Gong Edward M, Zorn Kevin C, Orvieto Marcelo A, Lucioni Alvaro, Msezane Lambda P, Shalhav Arieh L
Section of Urology, Department of Surgery, University of Chicago, Chicago, IL 60637, USA.
Urology. 2008 Oct;72(4):843-6. doi: 10.1016/j.urology.2008.05.020. Epub 2008 Aug 22.
Artery-only occlusion (AO) has been used during nephron-sparing surgery to reduce ischemic damage. However, this has not been demonstrated in laparoscopic partial nephrectomy (LPN). We compared our experience with AO and both artery and vein occlusion (AV) in LPN to optimize the method of ischemia.
This retrospective case-control study identified 25 patients who underwent AO during LPN and matched them to a cohort of 53 patients who underwent LPN with AV. The groups were compared for ischemia time, blood loss, transfusion rate, and renal function.
The 2 cohorts were comparable on demographic data. Blood loss was similar, with AO and AV demonstrating equivalent transfusion rates. The 2 cohorts had similar warm ischemia times. Positive margin rate was not affected by venous backflow in the AO cohort (0% AO vs 1.9% AV, P = .679). No significant postoperative change in creatinine (Cr) or creatinine clearance (CrCl) was seen for AO; however, a significant change in Cr and CrCl was seen in AV.
AO during LPN does not lead to a greater blood loss or an increased warm ischemia time. The benefit of AO on renal function is significant and requires further investigation.

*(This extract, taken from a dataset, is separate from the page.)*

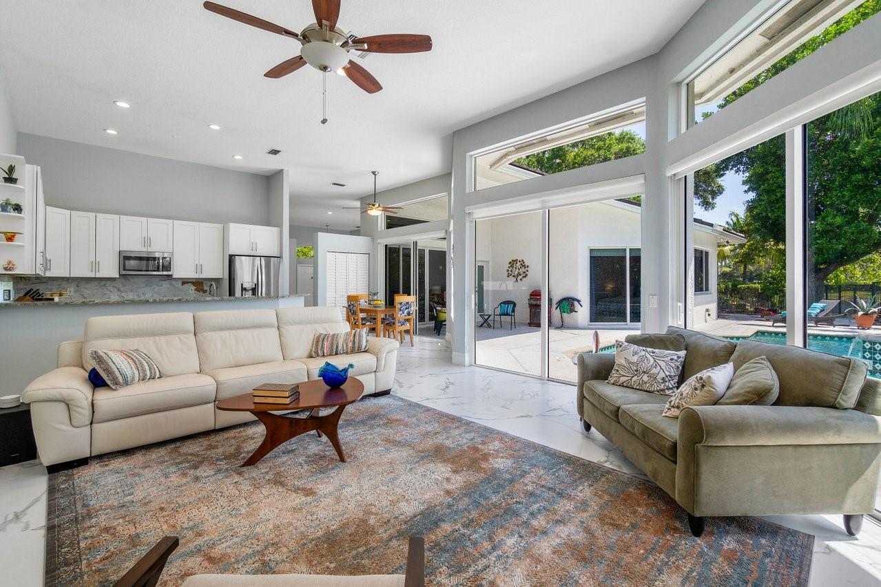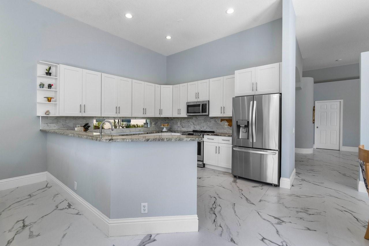 MAJOR PRICE REDUCTION! Majestically situated between a secluded cul-de-sac & expansive lake in prestigious RIDGES of Weston, sits this 5 bdr, 3 ba waterfront pool home. remodeled kitchen! This residence will impress! Favorable split floor plan, tremendous closet & storage space, enormous primary bathroom w/ frameless glass shower. Stainless steel appliances, & high-end products such as induction cooktop & convection oven. Quartzite countertops, & all wood cabinets adorn the open kitchen abutting a welcoming family room. Dine al fresco from your pool & patio while enjoying crimson sunsets & unobstructed views! Grow your family & enroll your kids in Weston's BEST school system! "TU CASA TROPICAL TE ESPERA"
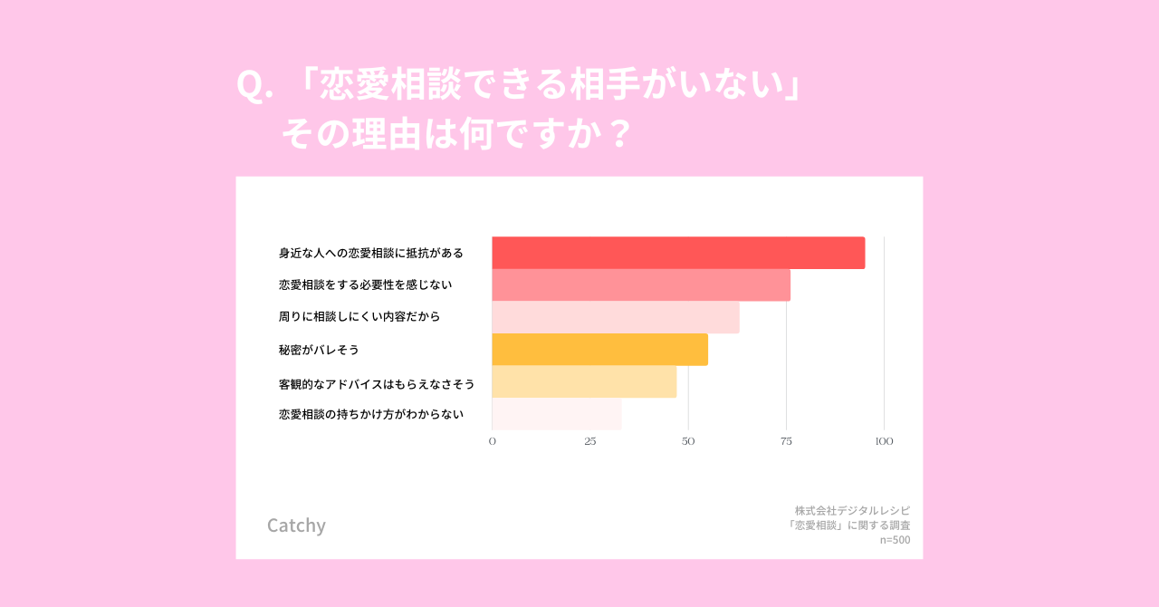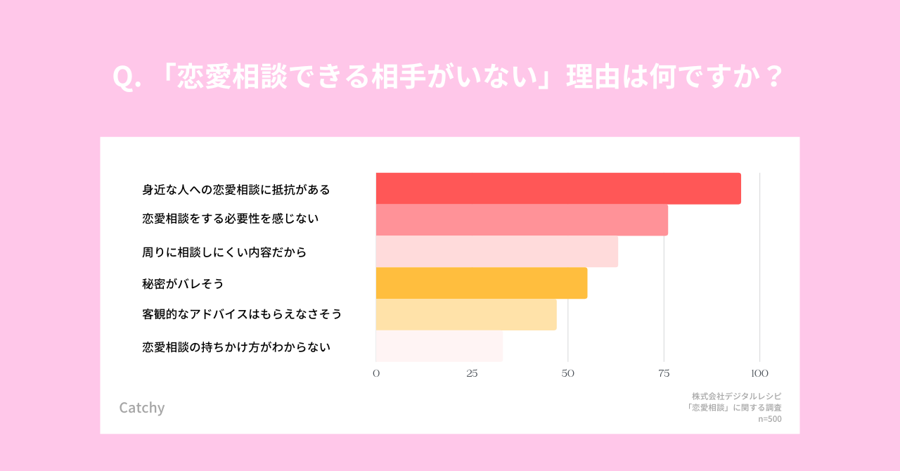 - 恋愛相談ができない理由は「身近な人へ恋愛相談をすることに抵抗がある」がトップに

在保留肾单位手术中,单纯动脉阻断(AO)已被用于减少缺血性损伤。然而,这在腹腔镜肾部分切除术(LPN)中尚未得到证实。我们比较了在LPN中采用AO与动静脉联合阻断(AV)的经验,以优化缺血方法。
这项回顾性病例对照研究确定了25例在LPN期间接受AO的患者,并将他们与53例接受LPN并采用AV的患者队列进行匹配。比较两组的缺血时间、失血量、输血率和肾功能。
两组患者的人口统计学数据具有可比性。失血量相似,AO组和AV组的输血率相当。两组的热缺血时间相似。AO组的切缘阳性率不受静脉回流的影响(AO组为0%,AV组为1.9%,P = 0.679)。AO组术后肌酐(Cr)或肌酐清除率(CrCl)无显著变化;然而,AV组的Cr和CrCl有显著变化。
LPN期间的AO不会导致更多的失血量或增加热缺血时间。AO对肾功能的益处显著,需要进一步研究。